"Slush" said:
Ah, now I get it. I stupidly thought that inner city schools were so horrific because the amount of money spent per pupil in the inner city is usually about
half that spent on a child educated in a public school in, for example,
Great Neck, NY--resulting in buildings that are fallling apart, teachers being paid significantly less than those who teach in affluent suburbs, students having to "hold it" all day because they don't have functioning toilets, and a system in which students cannot even take their school books home because they must be shared.

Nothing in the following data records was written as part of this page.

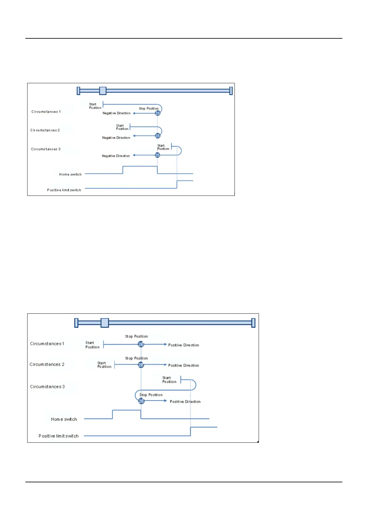 Circumstance 1: MC_Home instruction is run while the home switch is OFF and the axis starts to move in the positive
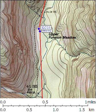 Follow a spur trail marked with a sign 'campsites' to the east (the trail turns to the northwest). There is a campsite and a standard box, (KC02) and if you keep going there is another campsite and box (KC03). As you walk in on the above trail you see a 'toilet' sign pointing to your right before reaching KC02. The toilet is perhaps 100 ft down this second trail.
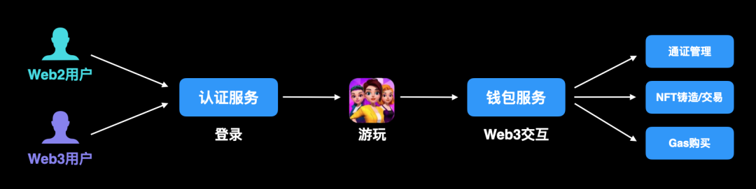 - 链上交互时,通过内置的钱包服务为用户解决钱包创建、通证管理、 NFT 铸造和交易等问题;
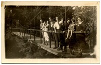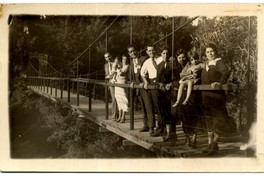 Grupo familiar compuesto por adultos y niños, aparece en la fotografía sobre un puente colgante de madera y fierro, y uno de cuyos extremos presenta forma de arco, y que se encuentra entre dos montes con frondosa vegetación en las Termas de Cauquenes.

But according to Big Bad Wolf, it's because inner city schools contain "too many non-whites" who are "unruly" "animals". Funny conclusion given that almost all of the Columbine-type incidents in U.S. schools have occurred in predominantly white school districts, perpetrated almost exclusively by white kids.

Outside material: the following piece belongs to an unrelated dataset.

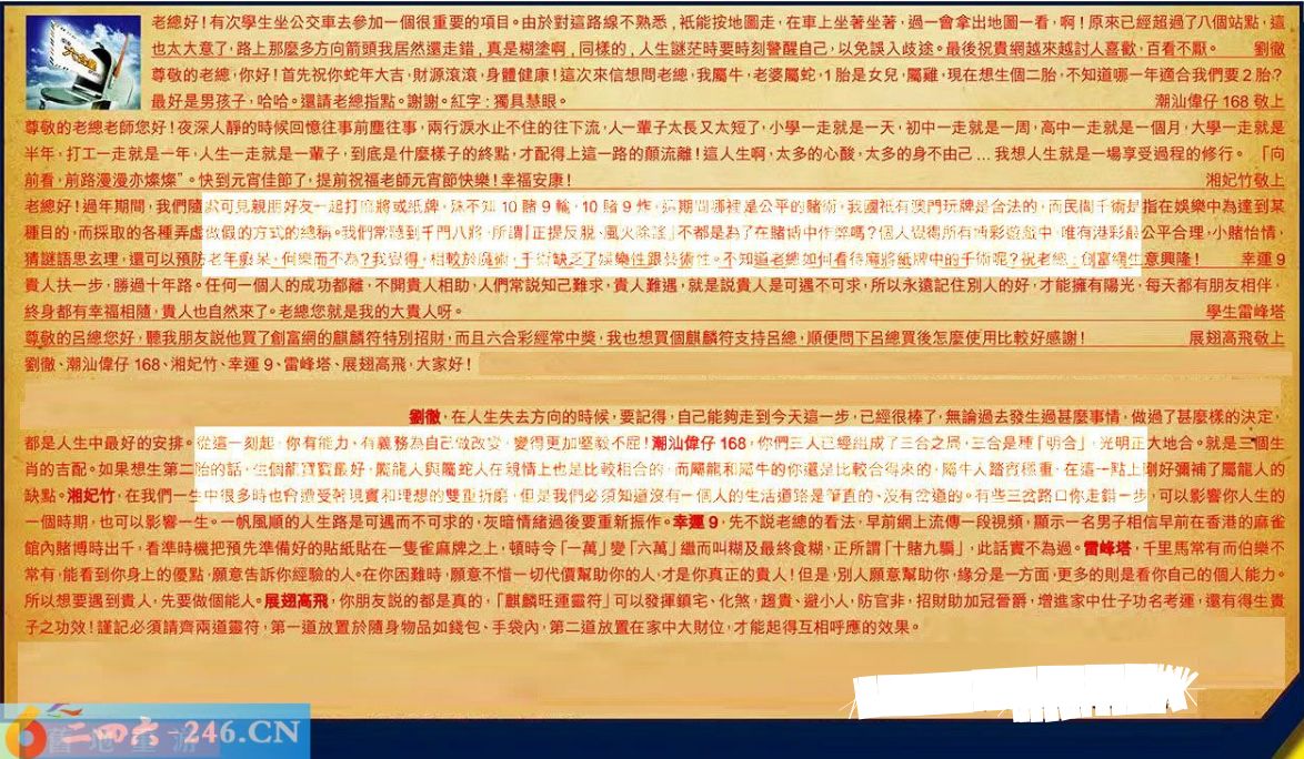【2】.尊敬的老總,你好!首先祝你蛇年大吉,財源滾滾,身體健康!這次來信想問老總我屬牛,老婆屬蛇,1胎是女兒,屬雞現在想生個二胎,不知道哪一年適合我們要2胎?最好是男孩子,哈哈。還請老總指點。謝謝。紅字:獨具慧眼。潮汕偉仔168敬上

I don't know. Maybe the reason inner-city schools are so abysmal is because those students--who are, let's try not to forget, also human beings--are viewed as animals by the vast majority of people with the money or power to do something about it.

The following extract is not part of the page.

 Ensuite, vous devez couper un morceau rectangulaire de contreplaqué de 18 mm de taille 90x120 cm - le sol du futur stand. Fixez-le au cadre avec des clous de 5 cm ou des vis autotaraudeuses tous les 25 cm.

Opinions vary. You are right, of course, in that spending in suburban districts is often significantly higher than in inner-city districts. Paradoxically, though, teacher salaries are often lower in the suburbs, perhaps because they're such desirable places to work.
US teachers often start out as starry-eyed liberals. Time spent in urban schools usually changes their attitudes, often traumatically. It did for me. In the corridor immediately outside my classroom, there were fights three days out of five. It wasn't whites, nor Mexicans, nor usually Vietnamese doing the fighting. Ah, but now I'm being racist. I'm in correspondence with a colleague in the NYC system. She claims that everyone in her acquaintance has been physically assaulted. But of course, they're racist as well. In fact, come to think of it, the teaching profession has been thoroughly subverted by redneck racists.
Incidents like Columbine attract a lot of media attention, but they're exceptions that prove the rule: suburban schools are idyllic places to work.
In the stifling atmosphere of political correctness now prevailing in the USA, one has to be careful of every word one utters: the thought police are ubiquitous. So teachers are circumspect, employ euphemisms (e.g., "the challenges of poverty and urban education"), and are "racist" surreptitiously.
To give you your due, there are writers such as Jonathon Kozol who argue along your lines, namely that it's disparate levels of funding between urban and suburban schools that's the culprit in differing educational outcomes. I am just somewhat sceptical of this line of reasoning. As I've stated above, it's not out borne out by personal experience. Additionally, it appears that the Europeans and East Asians (and Argentinians, for that matter!) spend only a fraction of what the United States spends on each student. Why do they have such superior educational systems? Clearly funding can only be one constituent of a more complex equation.
I apologise to all and sundry for moving ever further from the original question that started this thread.